High upon a hill, overlooking a glassy harbour, sits an architectural marvel in the making. Captured here only a week or so ago, before the calamitous events of quaking ground befell us on both sides of the globe, someone, somehow, is creating a slice of heaven. Well, perhaps not so much heaven, as a leg of lamb, or a carefully glowing white ovoid shape, with promise galore.

The jungle drums of architecture land have been beating wildly lately, but this particular song has not come to the attention of the Fish – we had to go out into the wild Wellington suburban landscape, track this one down, snare it with our mighty telephoto lens, and then serve it up here for your delectation.

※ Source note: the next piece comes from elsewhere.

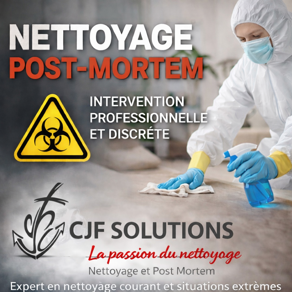 CJF SOLUTIONS est une société spécialisée dans le nettoyage, la désinfection et la décontamination post-mortem, scène de crime intervenant dans des contextes sensibles nécessitant rigueur, discrétion et expertise technique. Nous accompagnons les familles, les syndics, les professionnels de l’immobilier, les collectivités et les forces de l’ordre après un décès, qu’il soit naturel, accidentel ou criminel.

Nom, nom, nom – it’s absolutely tasty.

After all the gloom and doom of the destruction north and south, after the idiot savant utterances of demolition-crazed digger drivers and politicians intent on tearing things down, it’s truly wonderful to yours truly to see this particular construction on the way up. If it is your project – we’d love to hear from you. It is not showing any particular leanings towards any particular style of any particular architect around town that we know of at the Fish, so all we can do is presume that this is some great new adventure form some previously hidden talent – so write to us, whoever you are, and let us in on the secret.

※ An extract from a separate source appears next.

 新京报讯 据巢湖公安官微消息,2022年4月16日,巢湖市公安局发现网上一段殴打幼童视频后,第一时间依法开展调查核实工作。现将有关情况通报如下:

For the last 10-20 years, architects have been doing the boxy thing. Yes, it was all very clever once, but really: I’m over it, even when it is done really really well. But this is a new move away form boxy into something more organic, more wild 60s acid trip, more Flash Gordon and the house of the Future. It’s got the potential to be Austin Powers but without the bad teeth and the monster nose. It is, I’m happy to say, shagadelic.

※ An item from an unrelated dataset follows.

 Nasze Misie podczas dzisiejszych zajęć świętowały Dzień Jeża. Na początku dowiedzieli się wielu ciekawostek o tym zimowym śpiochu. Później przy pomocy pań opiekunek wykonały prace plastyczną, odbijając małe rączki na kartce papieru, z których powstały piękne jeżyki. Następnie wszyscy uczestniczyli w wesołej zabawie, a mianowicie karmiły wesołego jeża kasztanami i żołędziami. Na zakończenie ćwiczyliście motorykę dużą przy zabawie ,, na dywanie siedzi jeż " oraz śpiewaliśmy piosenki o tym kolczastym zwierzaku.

While it looks so ethereally eggy, poised in the slipstream, wind wafting through, in reality it is not going to stay as beautifully hollow and shell-like as it is now. There is, of course, every chance that the designer or builder could yet stuff this one up with poor detailing. The crisp white shell will stay in its pristine, virginal state, but the aperture that we see through will be filled shortly with wall, and I’m guessing that while it will be all glass out to the view, the street will get a more blanked out facade. The mechanics of adhering a sliced egg to the side of a crumbling hillside deserve a medal in itself – and the sheer chutzpah and ribald bravura of the project gets my vote for a gold medal at the Olympics any day.

I’ve got to say – I’m absolutely chuffed. If this isn’t the lovechild of Austin Powers and Ming the Merciless, then I’ll eat my hat.